EXERCISE: Retype word for word the stretch of entries below from the line that has "8月21日,中化集团副总裁、" through the line that has "可爱小狗懒人连帽毛毯办公室午睡斗篷女宿舍学生午休毛绒披风毯子", and omit the pictures.

DATA EXTRACT:
▼▼▼

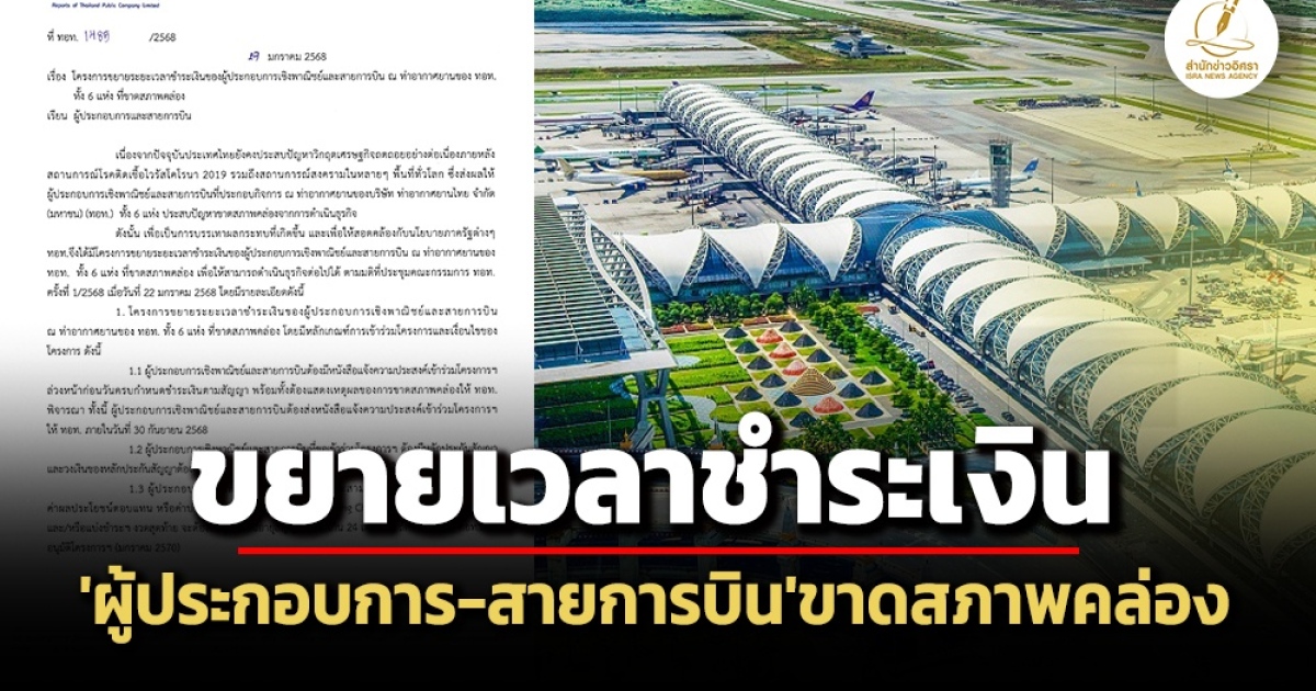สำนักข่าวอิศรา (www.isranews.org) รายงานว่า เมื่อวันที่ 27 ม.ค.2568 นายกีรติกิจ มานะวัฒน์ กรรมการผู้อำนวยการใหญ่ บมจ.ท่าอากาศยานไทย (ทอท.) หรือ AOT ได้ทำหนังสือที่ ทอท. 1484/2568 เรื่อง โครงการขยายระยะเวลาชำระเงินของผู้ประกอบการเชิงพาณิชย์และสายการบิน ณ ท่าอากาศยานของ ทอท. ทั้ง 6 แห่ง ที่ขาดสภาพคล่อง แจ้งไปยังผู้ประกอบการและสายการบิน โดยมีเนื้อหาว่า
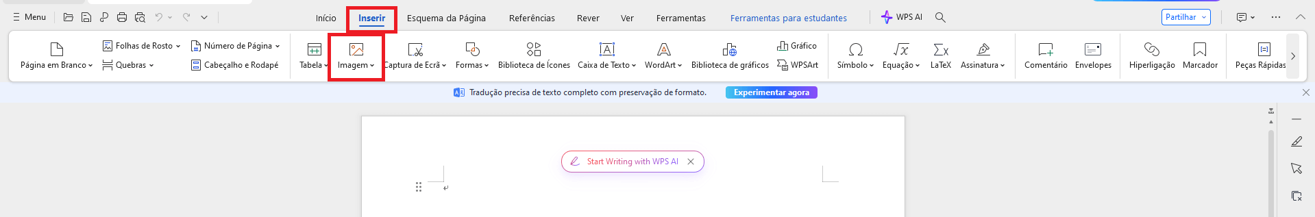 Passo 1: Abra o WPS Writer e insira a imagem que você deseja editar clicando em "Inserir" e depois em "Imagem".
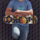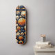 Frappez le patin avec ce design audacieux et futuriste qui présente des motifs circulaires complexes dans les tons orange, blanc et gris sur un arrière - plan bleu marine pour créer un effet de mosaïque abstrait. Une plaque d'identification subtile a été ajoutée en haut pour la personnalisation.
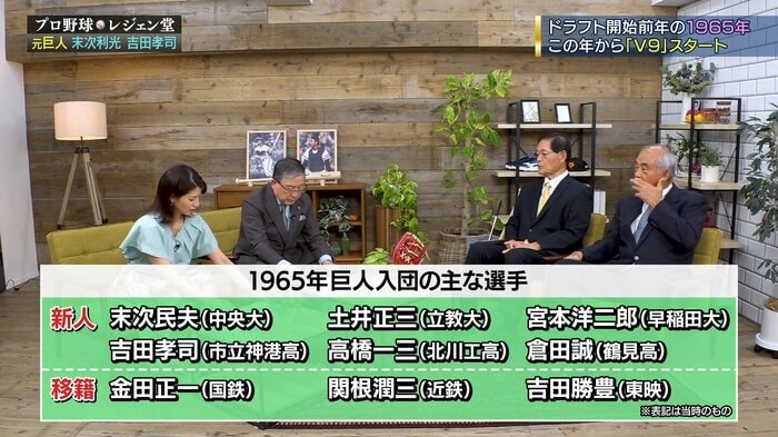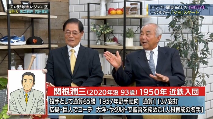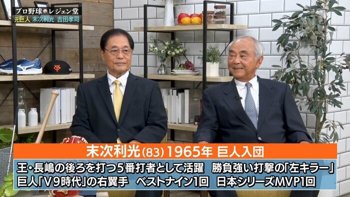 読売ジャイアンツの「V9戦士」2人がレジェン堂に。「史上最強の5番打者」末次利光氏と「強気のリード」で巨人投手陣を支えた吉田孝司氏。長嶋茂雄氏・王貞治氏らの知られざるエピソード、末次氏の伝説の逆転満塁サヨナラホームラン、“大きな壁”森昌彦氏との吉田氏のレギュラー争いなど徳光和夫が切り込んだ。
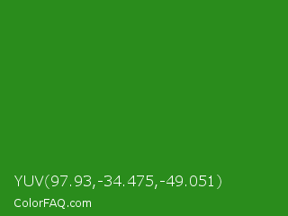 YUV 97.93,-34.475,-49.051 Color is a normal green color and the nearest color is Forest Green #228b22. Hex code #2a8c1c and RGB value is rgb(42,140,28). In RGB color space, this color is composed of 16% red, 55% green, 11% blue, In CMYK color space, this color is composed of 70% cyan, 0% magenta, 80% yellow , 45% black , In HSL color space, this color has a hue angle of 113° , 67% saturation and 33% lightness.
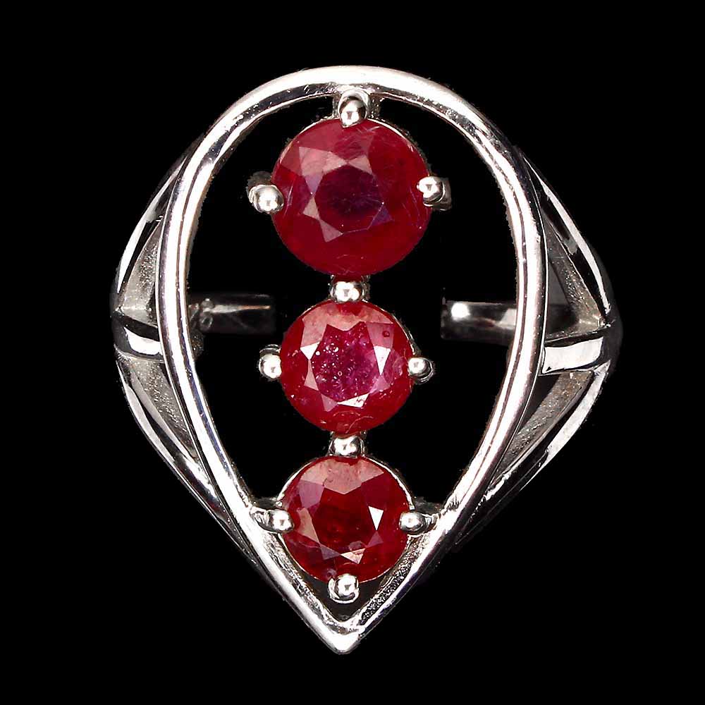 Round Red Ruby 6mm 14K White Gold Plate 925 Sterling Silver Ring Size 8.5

▲▲▲
▼▼▼

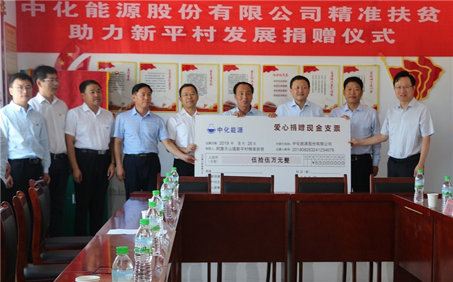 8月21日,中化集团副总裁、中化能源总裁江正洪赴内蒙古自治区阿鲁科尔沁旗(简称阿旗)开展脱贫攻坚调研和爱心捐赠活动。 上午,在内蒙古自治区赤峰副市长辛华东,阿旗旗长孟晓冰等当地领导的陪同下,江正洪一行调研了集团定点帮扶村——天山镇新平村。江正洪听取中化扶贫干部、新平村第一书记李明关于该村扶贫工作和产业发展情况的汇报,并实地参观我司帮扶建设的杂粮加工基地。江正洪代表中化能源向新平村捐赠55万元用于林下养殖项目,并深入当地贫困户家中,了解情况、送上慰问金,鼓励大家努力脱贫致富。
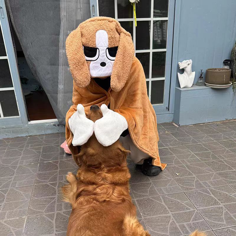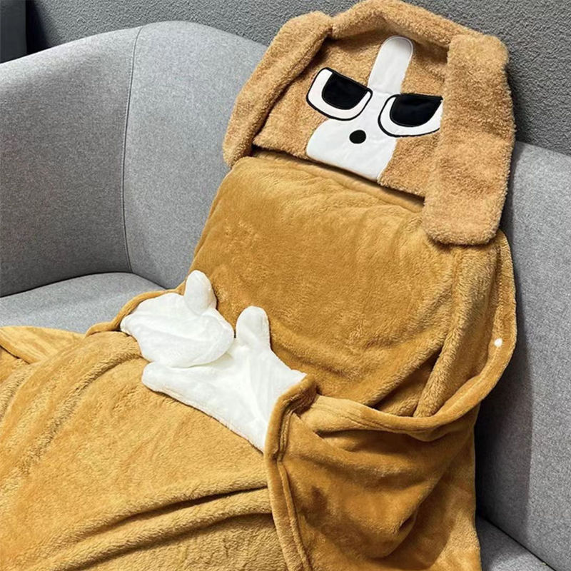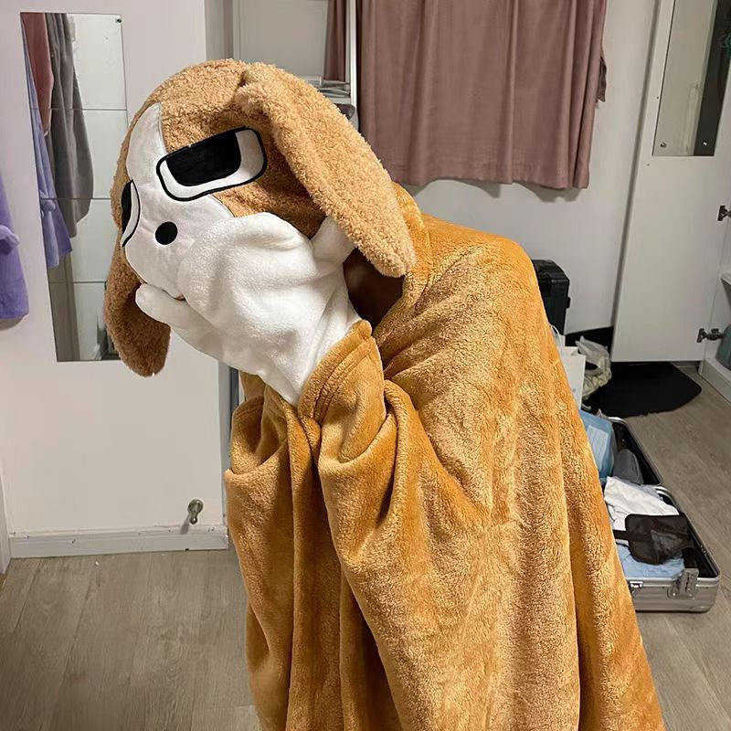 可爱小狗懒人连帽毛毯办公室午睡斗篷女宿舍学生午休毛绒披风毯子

▲▲▲
▼▼▼

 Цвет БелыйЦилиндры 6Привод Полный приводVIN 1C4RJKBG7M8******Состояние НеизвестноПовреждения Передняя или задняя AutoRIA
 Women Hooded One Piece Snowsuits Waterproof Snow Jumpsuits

▲▲▲

ANSWER:
 8月21日,中化集团副总裁、中化能源总裁江正洪赴内蒙古自治区阿鲁科尔沁旗(简称阿旗)开展脱贫攻坚调研和爱心捐赠活动。 上午,在内蒙古自治区赤峰副市长辛华东,阿旗旗长孟晓冰等当地领导的陪同下,江正洪一行调研了集团定点帮扶村——天山镇新平村。江正洪听取中化扶贫干部、新平村第一书记李明关于该村扶贫工作和产业发展情况的汇报,并实地参观我司帮扶建设的杂粮加工基地。江正洪代表中化能源向新平村捐赠55万元用于林下养殖项目,并深入当地贫困户家中,了解情况、送上慰问金,鼓励大家努力脱贫致富。
 可爱小狗懒人连帽毛毯办公室午睡斗篷女宿舍学生午休毛绒披风毯子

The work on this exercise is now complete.